Saturday, May 26, 2018

George Benjamin's Lessons in Love and Violence

?, Mortimer, son, Isabel, daughter, ?

George Benjamin | Conductor, Composer
Martin Crimp | Libretto
Katie Mitchell | Stage director

Stéphane Degout: King
Barbara Hannigan: Isabel, King's wife
Gyula Orendt: Gaveston, King's lover/Stranger
Peter Hoare: Mortimer, a courtier
Samuel Boden: Boy/Young King
Jennifer France: Witness 1/Singer 1/Woman 1
Krisztina Szabó: Witness 2/Singer 2/Woman 2
Andri Björn Robertsson: Witness 3/Madman

This is a free live stream from the Royal Opera House in London of George Benjamin's Lessons in Love and Violence.  It's an historical plot about King Edward II (25 April 1284 – 21 September 1327) who was deposed in a manner similar to what is shown here.

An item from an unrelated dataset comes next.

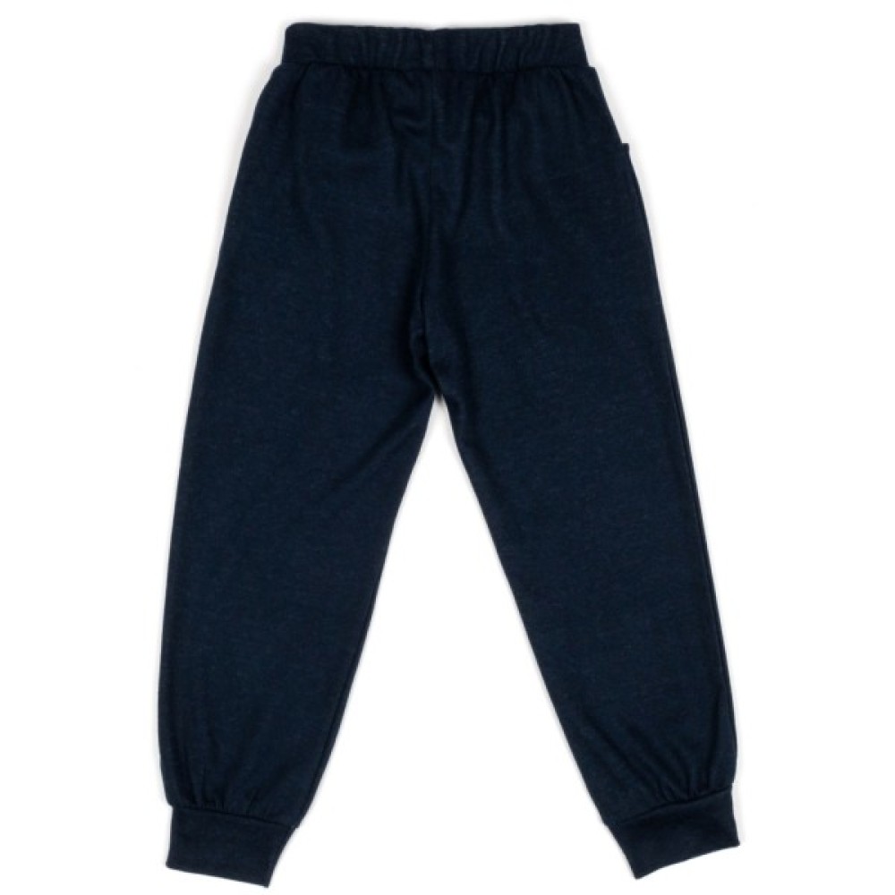 • Ефектний трикотажний набір темно-синього кольору для дівчинки, прикрашений дуже акуратним, стильним кольоровим принтовим малюнком.
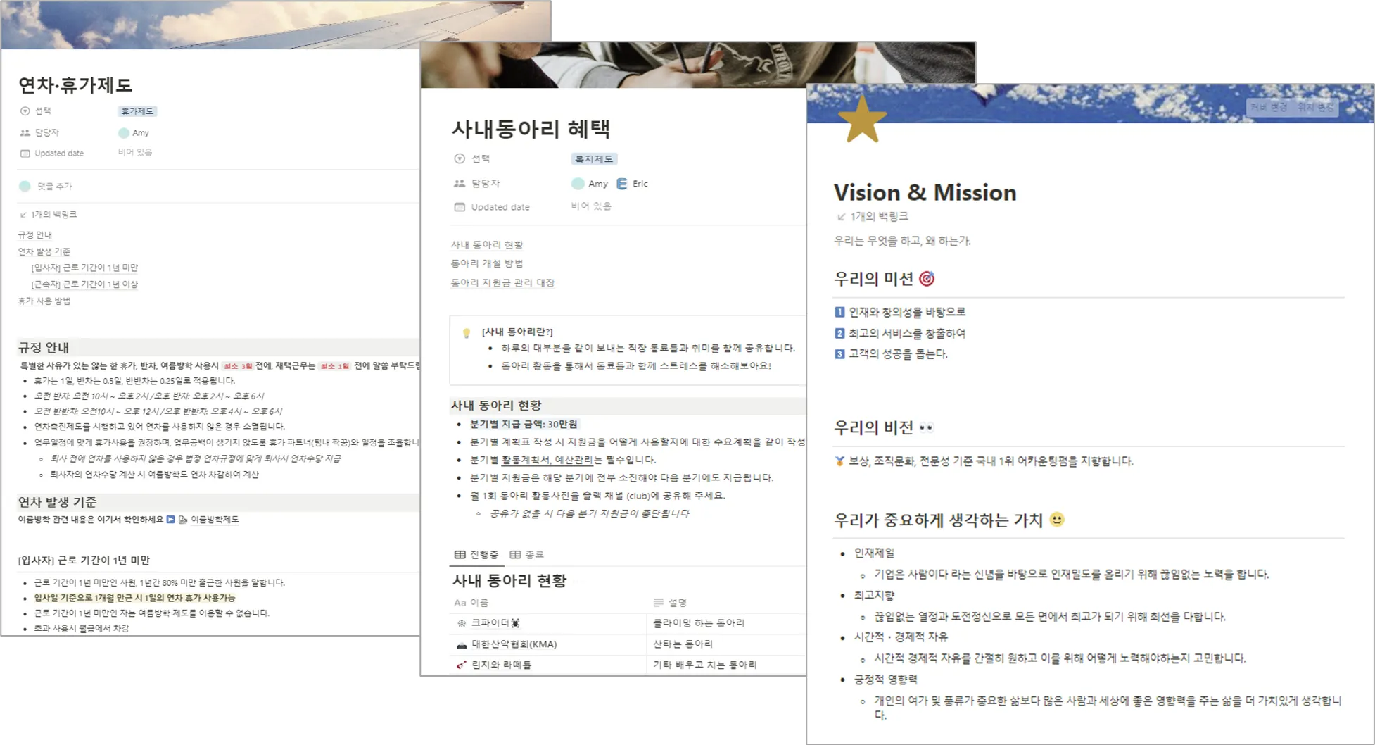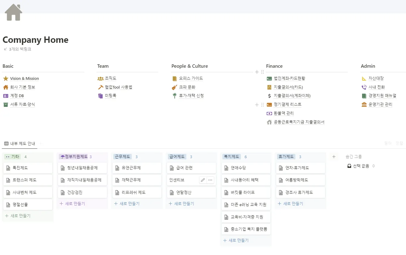 이 때문에 회사의 메인 Notion페이지에는 모든 멤버들이 공통적으로 사용해야 하는 페이지와 제도 등을 정리해서 빼두었다. 휴가 신청, 지출결의서 등과 같은 페이지에 규정과 프로세스 등을 적어 놓고, 제도는 최대한 많은 설명을 해두었다.

Part One, Scene 1: Palace, King’s Apartments

We open with two men, the King and Gaveston, buttoning their shirts.  The King insists that he must be treated as the King but does not wish to be bothered with politics.  There is a giant fish tank and people with clip boards.  Mortimer insists and pulls a gun, but he only gets fired for his efforts.

Part One, Scene 2: Palace, Isabel’s Apartments

Time has passed and Mortimer has returned from a visit to his homeland.  "Do not come here trying to put a price on music."  He and Isabel are friends.  The historical figure Isabella was from Spain, so perhaps that's where he's been.  Mortimer brings witnesses back with him to testify of the Kings atrocities.  The King gave these people's land to Gaveston.  Isabel dissolves a pearl in acid and then drinks it.  Why?

Part One, Scene 3: Palace, A Theatre

The King and Gaveston are talking in the bedroom with the King's two children watching from a row of theater seats.  These two children, the future King and his younger sister, are in every scene watching everything.  Only the boy has any lines.

The King and Gaveston begin to make love when Isabel and others enter and sit in the theater chairs.  A musical drama about Saul and Jonathan plays.  Guns are pointed at Gaveston but no one dies on stage.

Part One, Scene 4: Palace, Private Apartments

Gaveston is now dead.  This is an emotional scene with people reacting to the death.  The King reads a description of how Gaveston died.  Daughter likes daddy.

Part Two, Scene 5: Mortimer’s House

Isabel and the children are with Mortimer.  She's smoking.  An insane man, not one of the other characters, enters and proclaims that his cat has told him that he is King.  Mortimer becomes violent.  Isabel makes a pass at Mortimer and throws him onto the bed.  There seems always to be a bed.

Part Two, Scene 6: Prison

Someone has been murdered, perhaps the insane man.  The King is brought in blind folded and Mortimer tells him he wants the crown to give to the King's son.  The children are there, the clip boards are there, but the King refuses to give up the crown.

The man who played Gaveston returns as a kind of angel of death, a common figure in modern British opera.  King tells what he imagines it would be like to be dead.  The angel tells him he already is dead.  The children are already watching.

Part Two, Scene 7: Palace, A Theatre

The new King declares, "I have forbidden music."  Isabel wants the return of her innocence.  Her son puts on the crown.  The always silent girl holds up a gun and points it at a bloody Mortimer.  The scene goes black.

I felt compelled to describe the plot.  It seemed to me that only the great Barbara Hannigan was able to make anything of this slow, very much modernist music.  I also felt that it would have felt flat and emotionless without the silent girl child expressing her emotions in every scene.  The staging made it work theatrically.  I was riveted.